(WHAT IS EXPECTED)
Copy all records precisely, apart from the pictures.

Saved entries

-- Opening Marker --

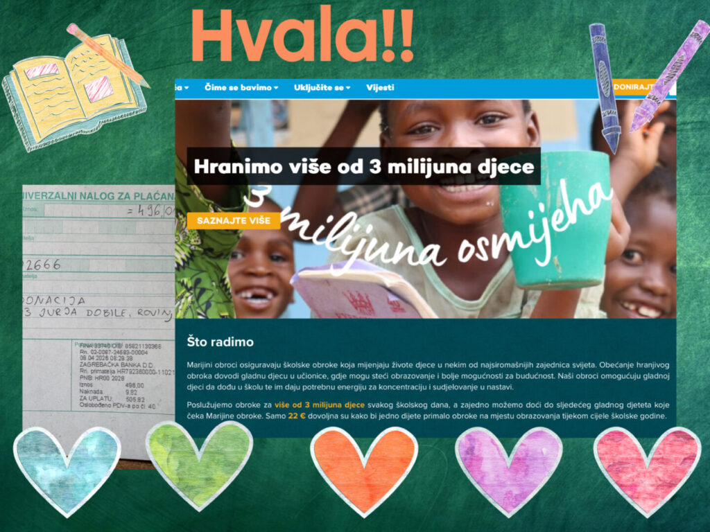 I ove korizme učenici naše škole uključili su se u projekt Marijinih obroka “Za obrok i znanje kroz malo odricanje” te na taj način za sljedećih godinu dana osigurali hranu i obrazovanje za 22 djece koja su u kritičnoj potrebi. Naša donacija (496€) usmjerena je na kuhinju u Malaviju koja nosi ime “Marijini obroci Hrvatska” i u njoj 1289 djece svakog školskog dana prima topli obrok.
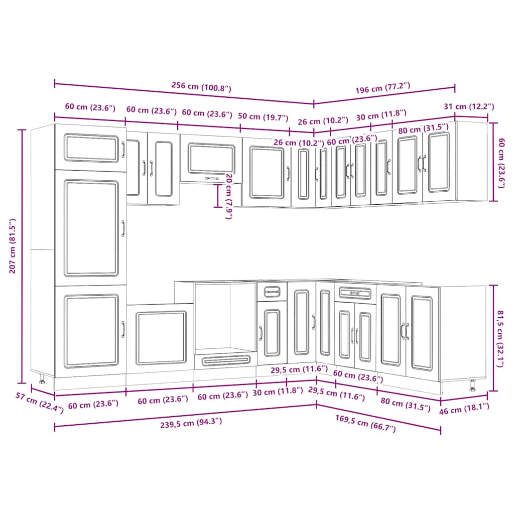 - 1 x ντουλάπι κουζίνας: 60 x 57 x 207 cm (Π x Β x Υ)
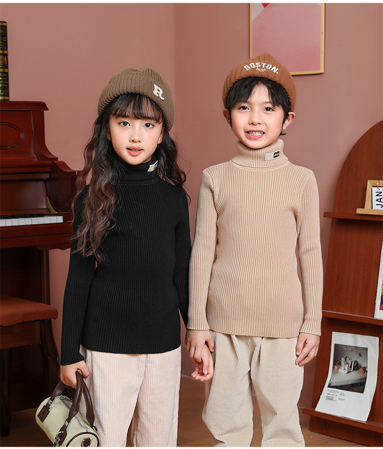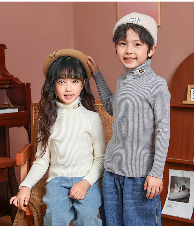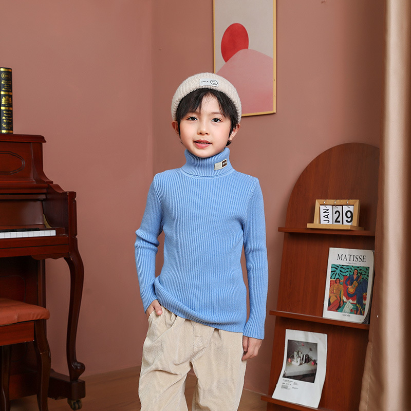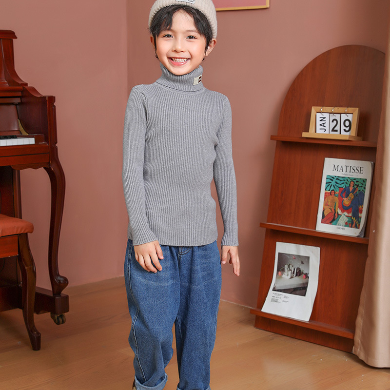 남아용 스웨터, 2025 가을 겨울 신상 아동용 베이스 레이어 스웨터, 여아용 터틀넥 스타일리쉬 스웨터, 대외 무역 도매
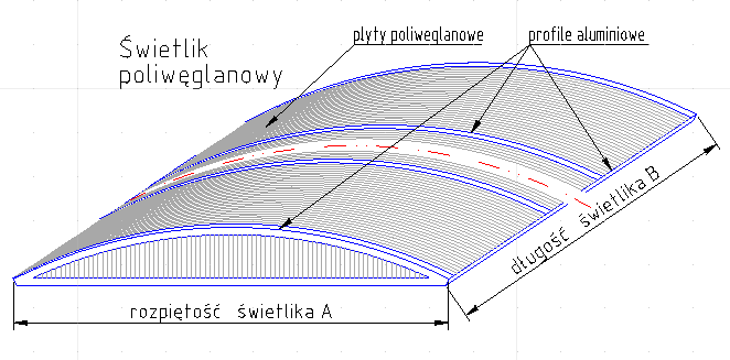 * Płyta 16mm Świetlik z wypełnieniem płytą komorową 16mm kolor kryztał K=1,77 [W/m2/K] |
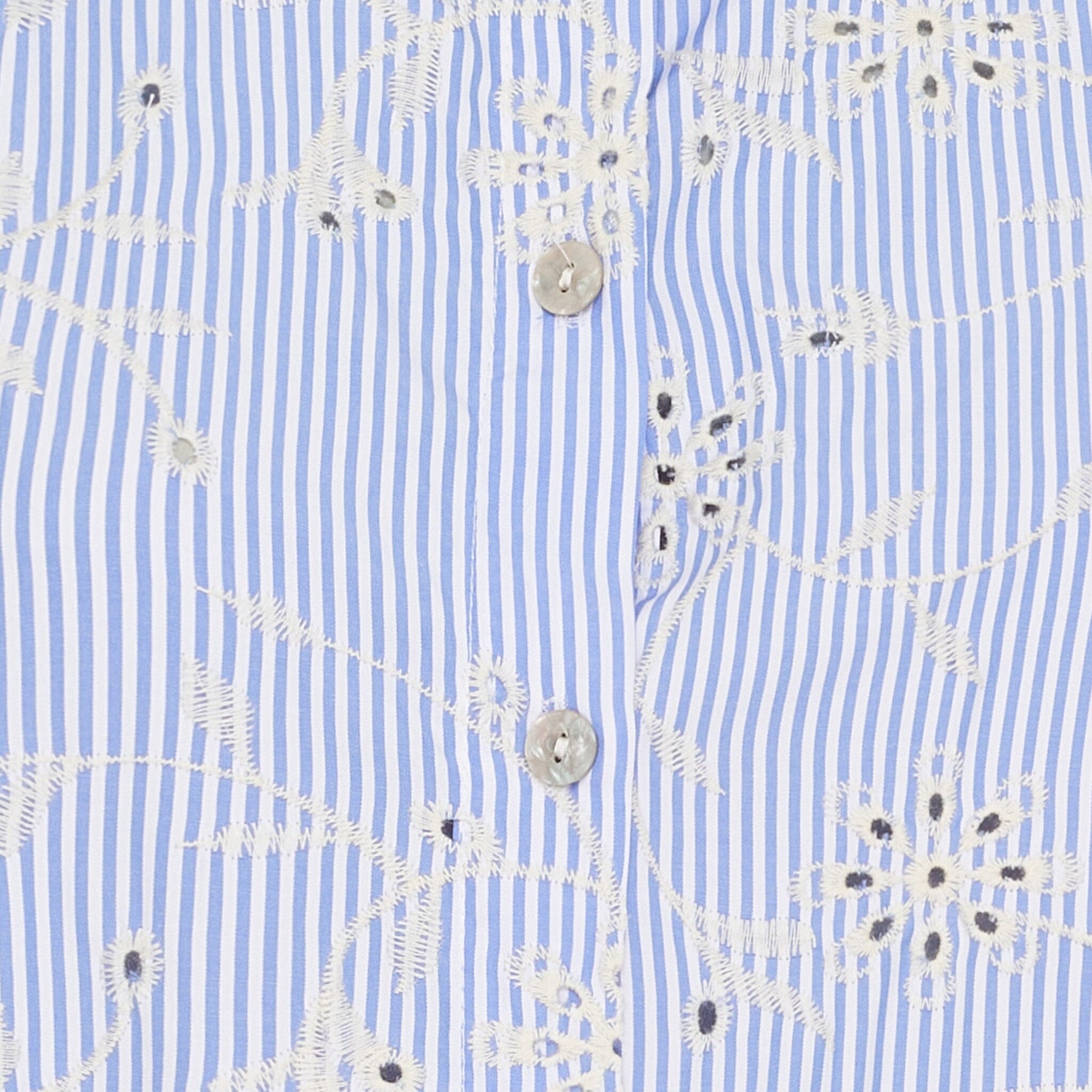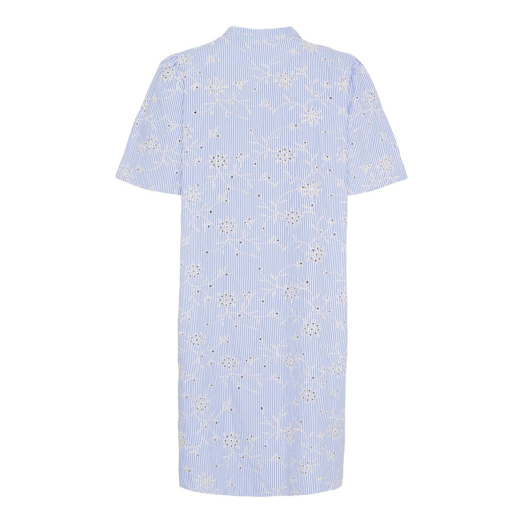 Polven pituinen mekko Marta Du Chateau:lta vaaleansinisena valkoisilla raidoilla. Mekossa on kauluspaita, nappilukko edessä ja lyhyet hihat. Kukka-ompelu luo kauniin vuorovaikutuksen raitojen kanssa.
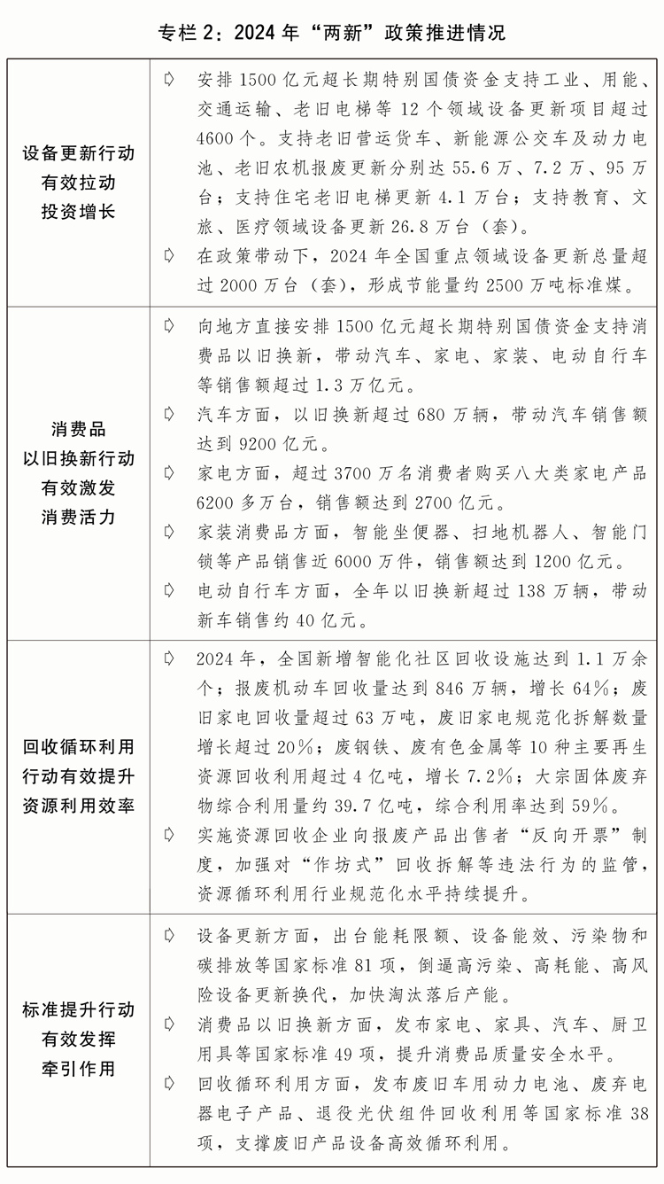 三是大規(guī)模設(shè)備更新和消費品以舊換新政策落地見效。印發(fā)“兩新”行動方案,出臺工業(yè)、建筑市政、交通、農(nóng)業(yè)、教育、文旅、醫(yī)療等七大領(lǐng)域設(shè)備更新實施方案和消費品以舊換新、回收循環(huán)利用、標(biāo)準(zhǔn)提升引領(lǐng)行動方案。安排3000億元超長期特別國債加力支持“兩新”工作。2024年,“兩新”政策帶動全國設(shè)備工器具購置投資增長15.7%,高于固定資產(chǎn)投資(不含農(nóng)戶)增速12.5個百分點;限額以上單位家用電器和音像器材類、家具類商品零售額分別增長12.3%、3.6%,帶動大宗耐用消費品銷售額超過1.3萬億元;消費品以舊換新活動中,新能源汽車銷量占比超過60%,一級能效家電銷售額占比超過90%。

-- Closing Marker --

(SOLUTION TO THE PROBLEM)
 I ove korizme učenici naše škole uključili su se u projekt Marijinih obroka “Za obrok i znanje kroz malo odricanje” te na taj način za sljedećih godinu dana osigurali hranu i obrazovanje za 22 djece koja su u kritičnoj potrebi. Naša donacija (496€) usmjerena je na kuhinju u Malaviju koja nosi ime “Marijini obroci Hrvatska” i u njoj 1289 djece svakog školskog dana prima topli obrok.
 - 1 x ντουλάπι κουζίνας: 60 x 57 x 207 cm (Π x Β x Υ)
 남아용 스웨터, 2025 가을 겨울 신상 아동용 베이스 레이어 스웨터, 여아용 터틀넥 스타일리쉬 스웨터, 대외 무역 도매
 * Płyta 16mm Świetlik z wypełnieniem płytą komorową 16mm kolor kryztał K=1,77 [W/m2/K] |
 Polven pituinen mekko Marta Du Chateau:lta vaaleansinisena valkoisilla raidoilla. Mekossa on kauluspaita, nappilukko edessä ja lyhyet hihat. Kukka-ompelu luo kauniin vuorovaikutuksen raitojen kanssa.
 三是大規(guī)模設(shè)備更新和消費品以舊換新政策落地見效。印發(fā)“兩新”行動方案,出臺工業(yè)、建筑市政、交通、農(nóng)業(yè)、教育、文旅、醫(yī)療等七大領(lǐng)域設(shè)備更新實施方案和消費品以舊換新、回收循環(huán)利用、標(biāo)準(zhǔn)提升引領(lǐng)行動方案。安排3000億元超長期特別國債加力支持“兩新”工作。2024年,“兩新”政策帶動全國設(shè)備工器具購置投資增長15.7%,高于固定資產(chǎn)投資(不含農(nóng)戶)增速12.5個百分點;限額以上單位家用電器和音像器材類、家具類商品零售額分別增長12.3%、3.6%,帶動大宗耐用消費品銷售額超過1.3萬億元;消費品以舊換新活動中,新能源汽車銷量占比超過60%,一級能效家電銷售額占比超過90%。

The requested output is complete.